English letter writer (1733–1807)

Harriett or Harriet Hesketh or Harriett Cowper (1733 – 5 January 1807) was an English letter writer, known for her long correspondence with William Cowper, which was the basis for his biography.

==Life==
Harriett Cowper was baptised in Hertingfordbury, Herefordshire on 12 July 1733. She was one of three daughters of Ashley Cowper, clerk of parliament.

Harriett married Thomas Hesketh (1726–1778) of Rufford Hall in Lancashire circa 1754. Sir Thomas died in 1778, leaving his wife well-provided.

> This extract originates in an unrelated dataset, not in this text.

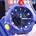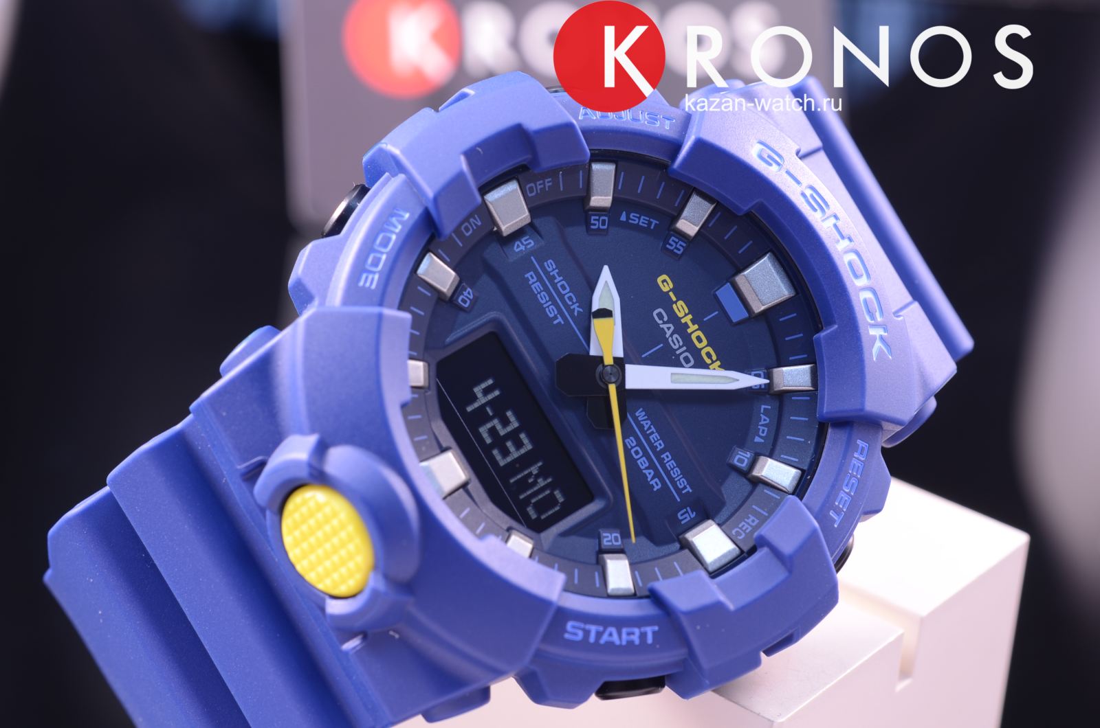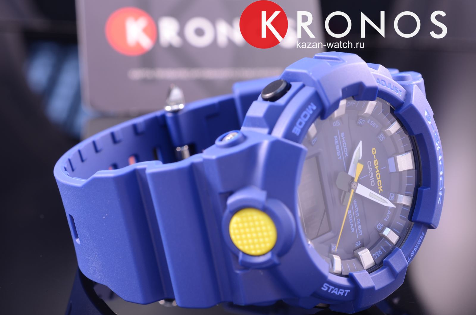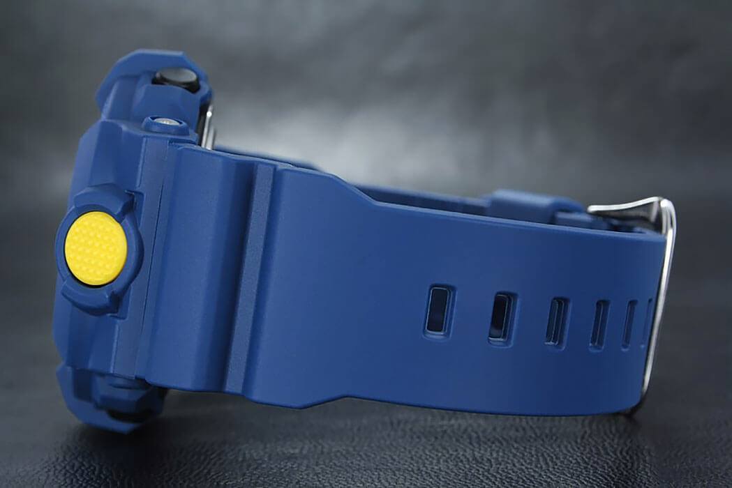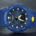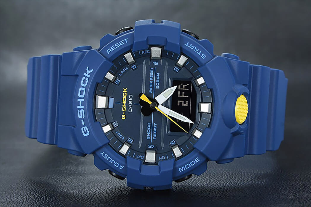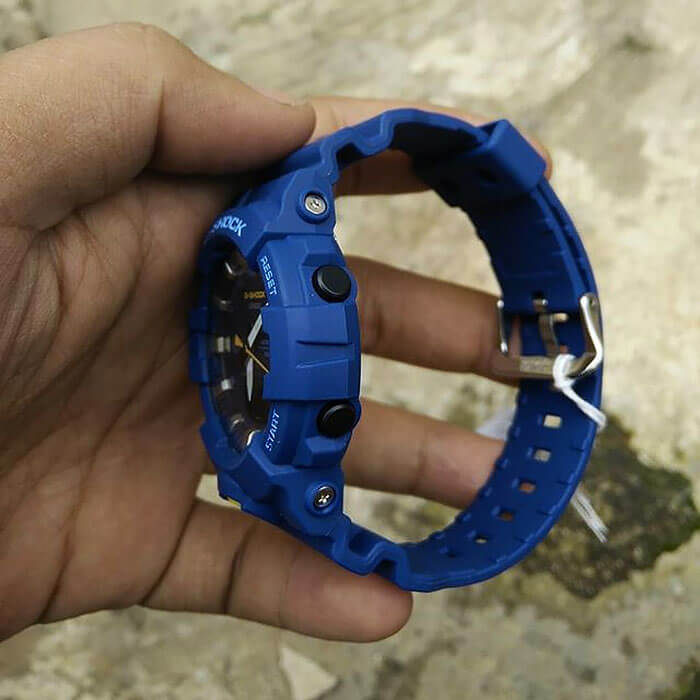 Ярко-синяя модель с голубыми и жёлтыми деталями точно станет запоминающейся деталью вашего образа. Часы получили обновлённый дизайн и уменьшенный противоударный корпусУдаропрочный корпусМеханизм заключён в корпус, выполненный из современных материалов, устойчивых к ударам, механическим повреждениям и падению с высоты: инновационный пластик, карбон, нержавеющая сталь, титан., если сравнивать с моделями серии GA-700. Он выполнен из полимерного пластика, что гарантирует повышенную устойчивость к ударам, повреждениям, падению с высоты. Японский кварцевый калибр с точностью хода +/- 15 секунд в месяц. Срок службы батарейки - 3 года. Функция выключения и включения звука кнопок. Стрелки с люминесцентным покрытиемЛюминесцентное покрытиеПозволяет считывать показания времени в темноте. Производители наносят на стрелки, часовые индексы, безель или поверхность циферблата светонакопительный состав, дающий холодное свечение.. Двойная светодиодная подсветкаСветодиодная подсветкаСветодиодная или LED-подсветка обеспечивает появление яркого холодного свечения за счёт LED-элементов - маленьких лампочек. Они потребляют минимальное количество энергии, чаще всего можно встретить 1 светодиод, в нижней части циферблата.. Водозащита 20 бар. Минеральное стекло. Полимерный браслет. Секундомер, таймер обратного отсчёта, мировое времяМировое время Полезное часовое усложнение, отображающее время в основных городах и известных областях по всему миру, оно связано с часовыми поясами, удобно для путешественников и бизнесменов. , 5 ежедневных будильников, автоматический календарь. Габариты: 54,1 x 48,6 x 15,5 мм.

She was a cousin of the poet William Cowper who had an unhappy romance with her sister Theodora. William was a frequent visitor at Southampton Row, where Harriett lived as a child, and they had a long correspondence. There was a 19-year gap in their letters, beginning in 1766, during which it was Harriett's insistence they did not communicate. Harriett eventually broke the silence with a letter of congratulation to Cowper when his second book of poetry was published. Harriett supported Cowper financially, and moved into his house and nursed him in his final years of illness. The correspondence between Cowper and Harriett was the basis for Cowper's biography.

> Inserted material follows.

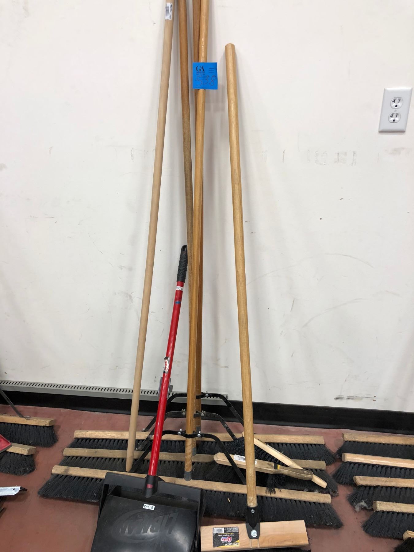 4 - 36" push brooms, 2 - hand brushes, 2 dustpans, 2 lobby dustpans, broom handle, 18 foot, deck scr

After Cowper's death in 1800, Hesketh corresponded for the rest of her life with his cousin Dr John Johnson, with whom he had spent his final years.

Hesketh had several years of declining health towards the end of her life, and spent her time in Weymouth, Bath and Bristol. She died in Clifton in Bristol in 1807. She had no children, and was buried in Bristol Cathedral.